» REQUIRED ACTION: Word for word, print each line of the listing below; pictures stay out.

» RECORDED INFORMATION:
Start of Block

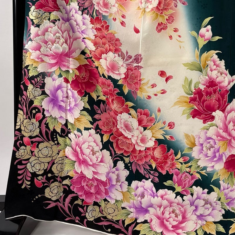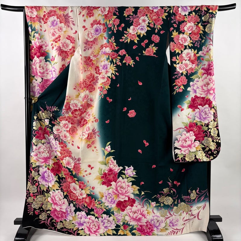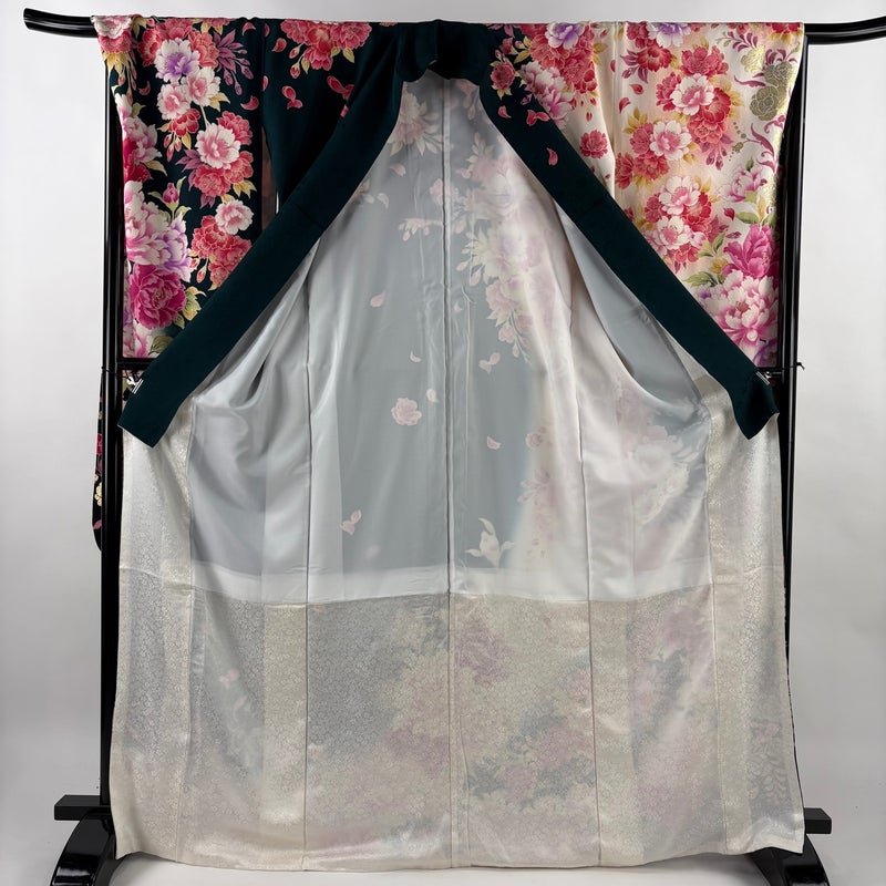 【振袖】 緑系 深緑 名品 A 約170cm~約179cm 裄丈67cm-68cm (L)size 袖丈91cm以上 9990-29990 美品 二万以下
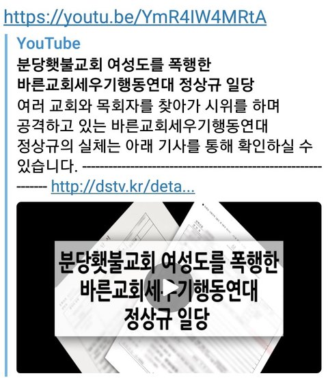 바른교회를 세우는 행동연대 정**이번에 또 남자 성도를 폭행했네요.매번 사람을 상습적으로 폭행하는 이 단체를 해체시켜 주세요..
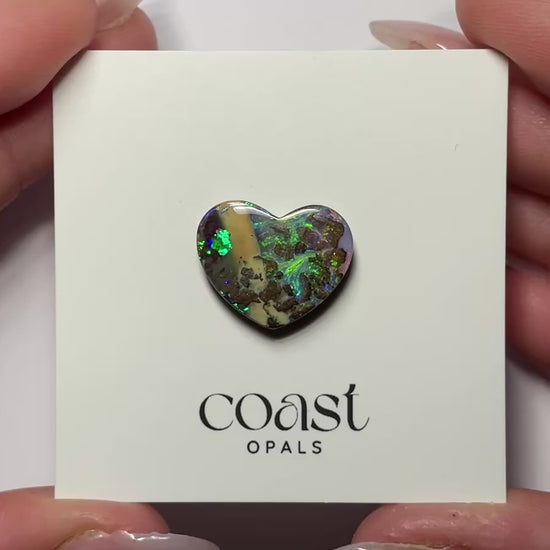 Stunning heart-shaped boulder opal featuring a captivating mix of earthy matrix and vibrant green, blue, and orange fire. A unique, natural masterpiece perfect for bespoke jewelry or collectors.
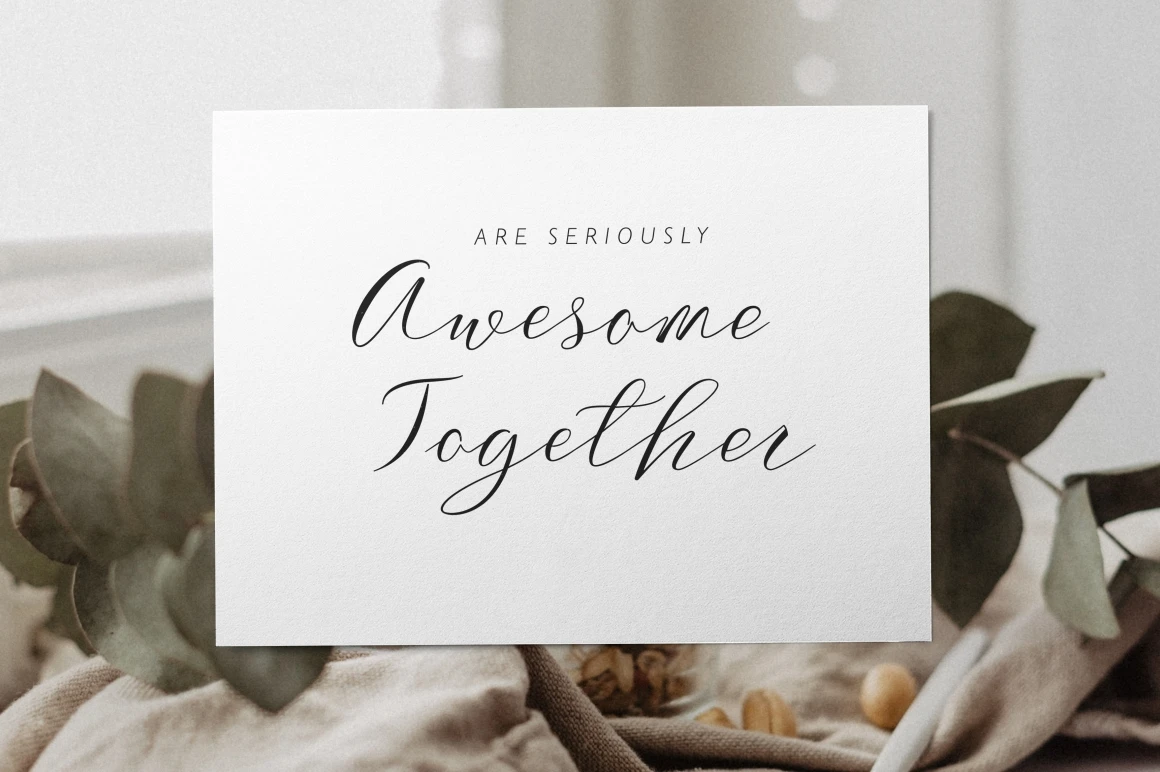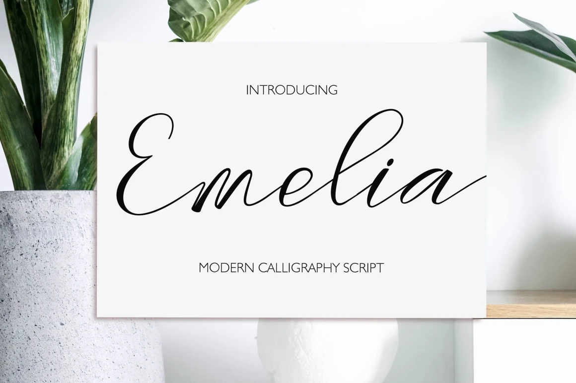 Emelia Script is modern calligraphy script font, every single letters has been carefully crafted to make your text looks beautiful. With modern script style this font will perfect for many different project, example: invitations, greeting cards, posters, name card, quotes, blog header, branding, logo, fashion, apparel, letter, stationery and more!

End of Block

» OUTPUT FOR THIS TASK:
 【振袖】 緑系 深緑 名品 A 約170cm~約179cm 裄丈67cm-68cm (L)size 袖丈91cm以上 9990-29990 美品 二万以下
 바른교회를 세우는 행동연대 정**이번에 또 남자 성도를 폭행했네요.매번 사람을 상습적으로 폭행하는 이 단체를 해체시켜 주세요..
 Stunning heart-shaped boulder opal featuring a captivating mix of earthy matrix and vibrant green, blue, and orange fire. A unique, natural masterpiece perfect for bespoke jewelry or collectors.
 Emelia Script is modern calligraphy script font, every single letters has been carefully crafted to make your text looks beautiful. With modern script style this font will perfect for many different project, example: invitations, greeting cards, posters, name card, quotes, blog header, branding, logo, fashion, apparel, letter, stationery and more!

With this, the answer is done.